Signed-off-by: Michael Montalbo <mmontalbo@gmail.com>
---
Documentation/config/diff.adoc | 2 +
Documentation/gitattributes.adoc | 15 ++++
Makefile | 1 +
builtin.h | 1 +
builtin/diff-process-normalize.c | 143 +++++++++++++++++++++++++++++++
git.c | 1 +
t/t4080-diff-process.sh | 60 +++++++++++++
7 files changed, 223 insertions(+)
create mode 100644 builtin/diff-process-normalize.c
diff --git a/Documentation/config/diff.adoc b/Documentation/config/diff.adoc
index 4ab5f60df6..475736c6ed 100644
--- a/Documentation/config/diff.adoc
+++ b/Documentation/config/diff.adoc
@@ -224,6 +224,8 @@ endif::git-diff[]
hunks that are fed into Git's diff and blame pipelines.
If the tool returns zero hunks, the file is treated as
unchanged for both diff output and blame attribution.
+ Git provides `git diff-process-normalize` as a built-in
+ tool that detects whitespace-only changes.
See linkgit:gitattributes[5] for details.
`diff.indentHeuristic`::
diff --git a/Documentation/gitattributes.adoc b/Documentation/gitattributes.adoc
index 7d66fa3aa1..3f1d7affd8 100644
--- a/Documentation/gitattributes.adoc
+++ b/Documentation/gitattributes.adoc
@@ -861,6 +861,21 @@ the file as having no changes and produces no diff output.

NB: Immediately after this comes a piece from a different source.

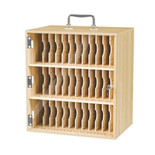 YASICA スマホ収納ボックスは、36台収納可能でロック付き。組み立て不要で充電穴搭載。省スペースで紛失防止に最適な木製ストレージ。サイズは29.5x21x32.4cm。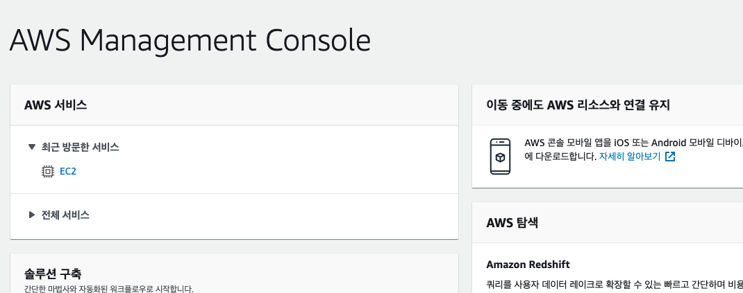 다음 화면 여기서 AWS Console에 들어가서 AWS가 제공하는 편리한 기능들을 하나씩 음미 해보자.

where it reports zero hunks, attributing lines to earlier commits
instead.
+Git ships with a built-in diff process, `git diff-process-normalize`,
+that detects whitespace-only changes. Files whose only differences
+are whitespace produce zero hunks; files with non-whitespace changes
+fall back to the builtin diff algorithm. To use it:
+
+----------------------------------------------------------------
+[diff "cdiff"]
+ process = git diff-process-normalize
+----------------------------------------------------------------
+
+This is useful after running a code formatter: `git diff` shows
+no output for files that only had whitespace changes,
+`git blame` skips whitespace-only commits automatically without
+requiring a `.git-blame-ignore-revs` file.
+
Tools should ignore unknown keys in the per-file request to
remain forward-compatible.
diff --git a/Makefile b/Makefile
index 22900368dd..01acfaf7b8 100644
--- a/Makefile
+++ b/Makefile
@@ -1409,6 +1409,7 @@ BUILTIN_OBJS += builtin/diagnose.o
BUILTIN_OBJS += builtin/diff-files.o
BUILTIN_OBJS += builtin/diff-index.o
BUILTIN_OBJS += builtin/diff-pairs.o
+BUILTIN_OBJS += builtin/diff-process-normalize.o
BUILTIN_OBJS += builtin/diff-tree.o
BUILTIN_OBJS += builtin/diff.o
BUILTIN_OBJS += builtin/difftool.o
diff --git a/builtin.h b/builtin.h
index 235c51f30e..c713a0417f 100644
--- a/builtin.h
+++ b/builtin.h
@@ -178,6 +178,7 @@ int cmd_diff_files(int argc, const char **argv, const char *prefix, struct repos
int cmd_diff_index(int argc, const char **argv, const char *prefix, struct repository *repo);
int cmd_diff(int argc, const char **argv, const char *prefix, struct repository *repo);
int cmd_diff_pairs(int argc, const char **argv, const char *prefix, struct repository *repo);
+int cmd_diff_process_normalize(int argc, const char **argv, const char *prefix, struct repository *repo);
int cmd_diff_tree(int argc, const char **argv, const char *prefix, struct repository *repo);
int cmd_difftool(int argc, const char **argv, const char *prefix, struct repository *repo);
int cmd_env__helper(int argc, const char **argv, const char *prefix, struct repository *repo);
diff --git a/builtin/diff-process-normalize.c b/builtin/diff-process-normalize.c
new file mode 100644
index 0000000000..1580f6b7d9
--- /dev/null
+++ b/builtin/diff-process-normalize.c
@@ -0,0 +1,143 @@
+/*
+ * Built-in diff process that returns zero hunks for files whose
+ * only differences are whitespace, and status=error otherwise.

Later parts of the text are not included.